Cluster a dataset#

Clustering is a technique that automatically assigns categories to each document by analyzing the text content and putting similar documents in the same category. This reveal the overarching structure of your dataset.

Lilac uses state of the art algorithms and LLMs to cluster the dataset and assign informative, descriptive titles.

Note

Browse clusters of 4M OpenOrca documents.

A view of the categories and clusters

Clusters are immediately actionable. You can tag, or simply delete entire clusters from your dataset, enabling you to remove problematic data with precision.

Scale and accelerate with Lilac Garden#

Clustering on device can be very slow. To dramatically speed up the computation, sign up for the pilot of Lilac Garden, our platform for accelerated data processing. Lilac Garden uses powerful GPUs to embed, cluster and annotate datasets up to 100x faster than on device. We can cluster a million documents in ~20-30 mins.

From the UI#

To cluster a text field, open the schema view, click the expand icon for the field you want to cluster and select “Compute clusters”.

Clustering a dataset field The clustering modal dialog

This will schedule a pipeline of dataset operations. To accelerate computation, sign up for the Lilac Garden pilot and select the “Use Garden” option in the Clustering dialog.

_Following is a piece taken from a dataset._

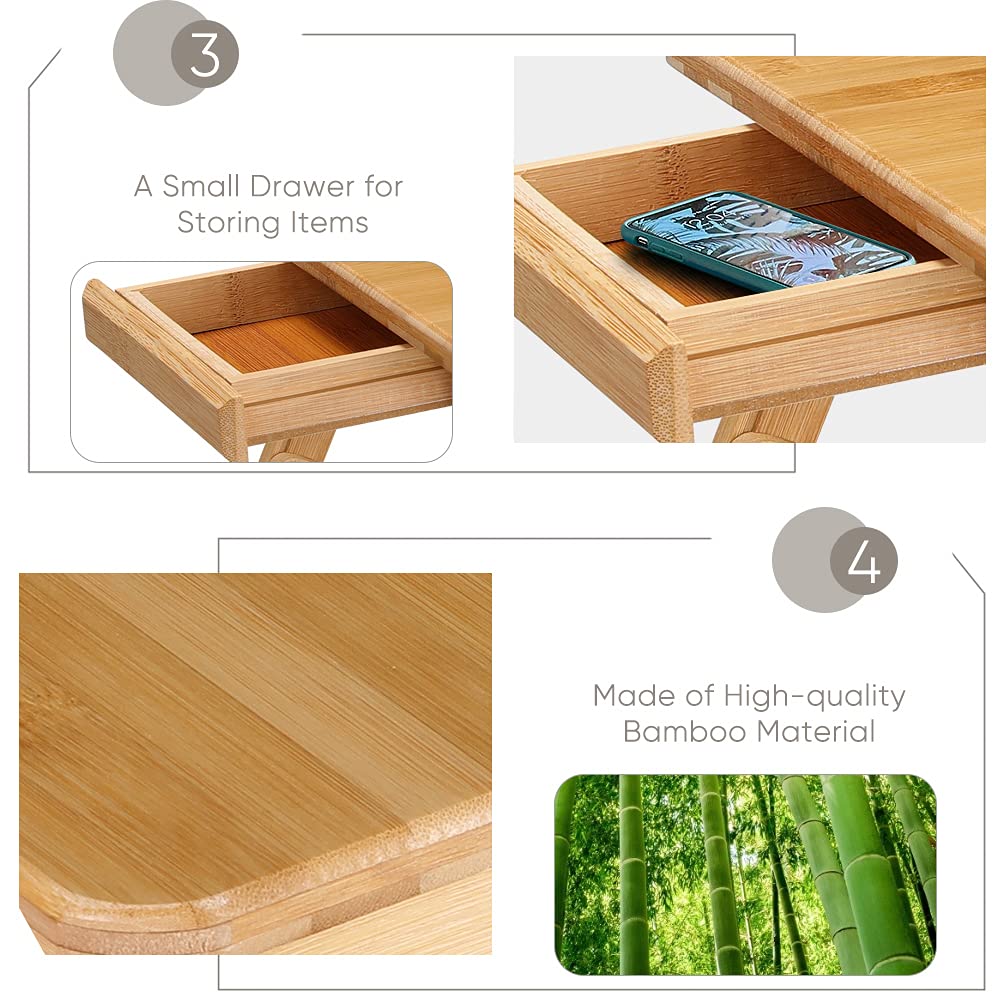 4. Uniwersalność: Ten składany stolik taca śniadaniowa jest idealnym rozwiązaniem dla osób pracujących zdalnie, studentów, osób z ograniczeniami ruchowymi czy po prostu dla tych, którzy cenią sobie wygodę i funkcjonalność w codziennym życiu. Może być używany nie tylko w łóżku, ale także na kanapie, podczas podróży czy w ogrodzie.

When the clustering is complete, you can view the cluster results in the UI, by clicking on the “Open clusters” button in the header, next to the “Open schema” button.

Opening the Cluster view

From Python#

You can cluster a dataset from Python in 1 line of code using dataset.cluster:

dataset.cluster(input='conversation.*.input', use_garden=True)

The output of the clustering is a new field in the dataset, suffixed with __cluster, with the following sub-fields:

  • cluster_id: The cluster ID of the example. A number between 0 and N-1, where N is the number of clusters.

  • cluster_title: The title of the cluster.

  • cluster_membership_score: The membership score of the example in the cluster. A number between 0 and 1, where 1 means that the example is a perfect match for the cluster.

  • category_id: A high level category ID for the cluster. A number between 0 and M-1, where M is the number of categories.

  • category_title: The title of the category.

  • category_membership_score: The membership score of the example in the category. A number between 0 and 1, where 1 means that the example is a perfect match for the category.

When the clustering is complete, you can view the cluster results in the UI (see previous section). If you want to download the cluster results, see Export a dataset.